One of the areas of law which I practice is criminal defense, and invariably, someone will ask something to the effect of, “How can you defend guilty people,” or something along those lines.
In response, I tell people that, many years ago, I met one of the attorneys who represented Michael Irvin during his circus trial for possession, and he was asked by one of the people close by how he could “defend that criminal.” His response was polite, and made a great impression on me. He told the man that his job wasn’t to “spring” criminals, but that his “job was to make sure that the State does its job.”
While not essentially profound, it is very necessary, and I am a believer in William Blackstone’s Formulation. And parts of the Book of Genesis, for those looking for something more authoritative. Without defense lawyers to protect individuals’ rights and make the State jump through all the hoops, you end up with a government that can throw anyone in jail, anytime, for anything, or nothing. I strongly believe that each accused is entitled to a strong defense and that defense attorneys are some of the strongest and most vital defenders of the U.S. Constitution and the Bill of Rights.
Without tireless defense attorneys and effective legislation, tragedies like the Michael Morton story quickly become the rule instead of the exception.
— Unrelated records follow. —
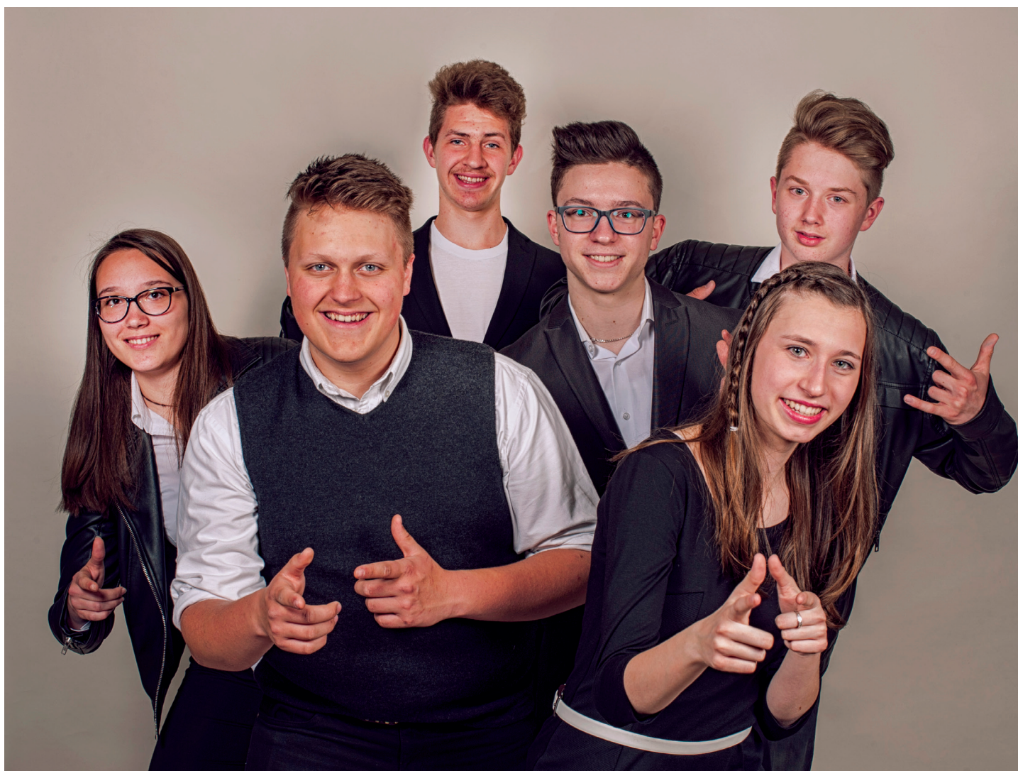
Člani ansambla Mlad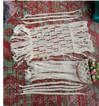
Gambar 2. Contoh Hasil Kreasi Kerajinan Makrame

Beberapa produk makrame yang dapat dihasilkan dari kreasi benang katun/tali kur, antara lain tirai pintu, taplak meja, gantungan pot, kap lampu, dan lain-lain. Proses menjalin benang katun/tali kur yang mudah ditambah kreatifitas yang memadai akan menghasilkan makrame yang cantik dan unik. Pada pelatihan ini sebagai permulaan tim menggunakan tali kur sebagai bahan utama membuat makrame, ini dimaksudkan untuk memudahkan dalam membongkar jalinan jika terjadi kesalahan. Kunci utama dalam membuat makrame adalah melilit, menyimpul, menjalin, dan mengikat.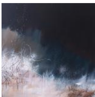
316 lærred 100 x 100 7.000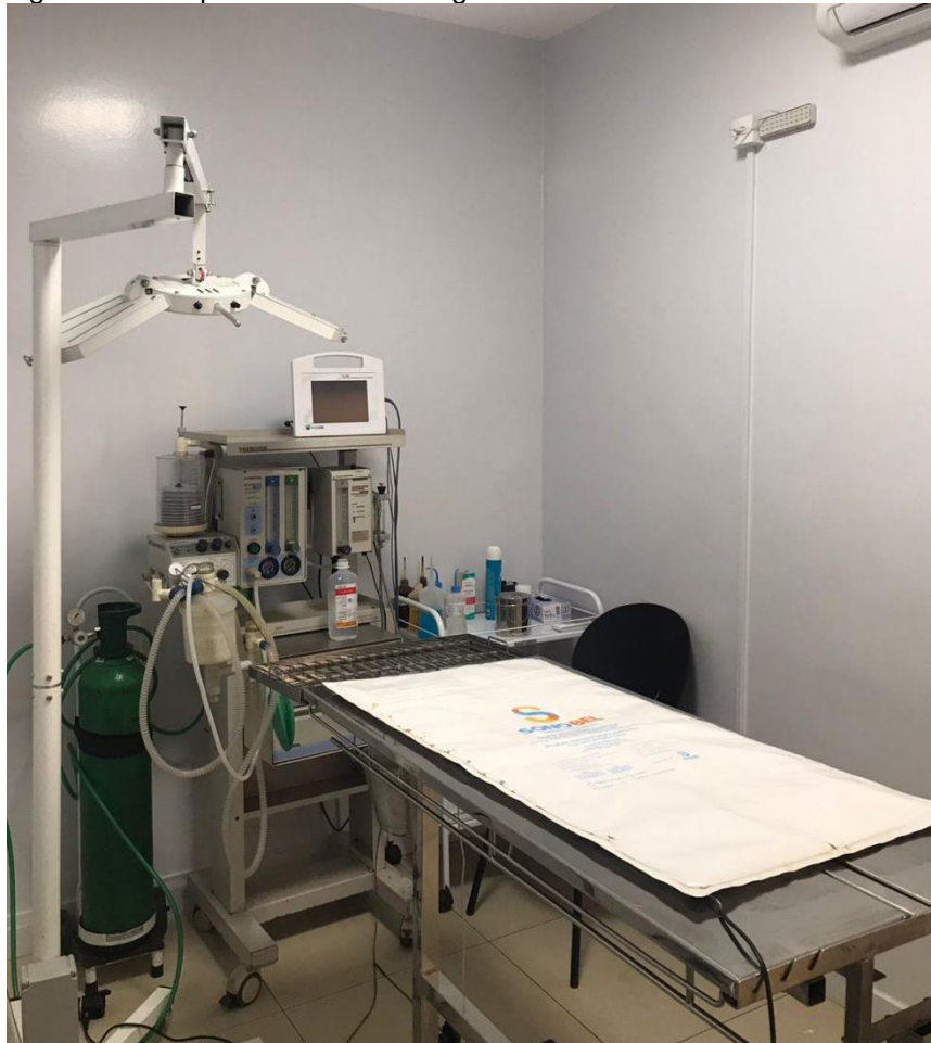
Figura 3- Vista parcial da sala cirúrgica da clínica veterinária. Lavras-MG.

segundo contém um computador e a reveladora digital. Ao lado, há a sala de tomografia, contendo a mesa de exame, tomógrafo e equipamentos de segurança (Figura 4). Neste mesmo lado há uma sala para exame ultrassonográfico, contendo calhas, gel, uma mesa de inox e o aparelho de ultrassom.

For those who have never heard of Michael Morton, he was a man wrongly convicted (through gross prosecutor and police misconduct and indifference) of the murder of his wife, and spent nearly 25 years in prison for a crime he did not commit. He was exonerated in 2011. His life was literally destroyed by the unconscionable actions of a district attorney (who since became a judge, and has now been disbarred and found guilty of contempt of court) and the prosecutors in his office: his son was taken from him and told his father was a monster, and he spent nearly half his life up to the time of his release in prison.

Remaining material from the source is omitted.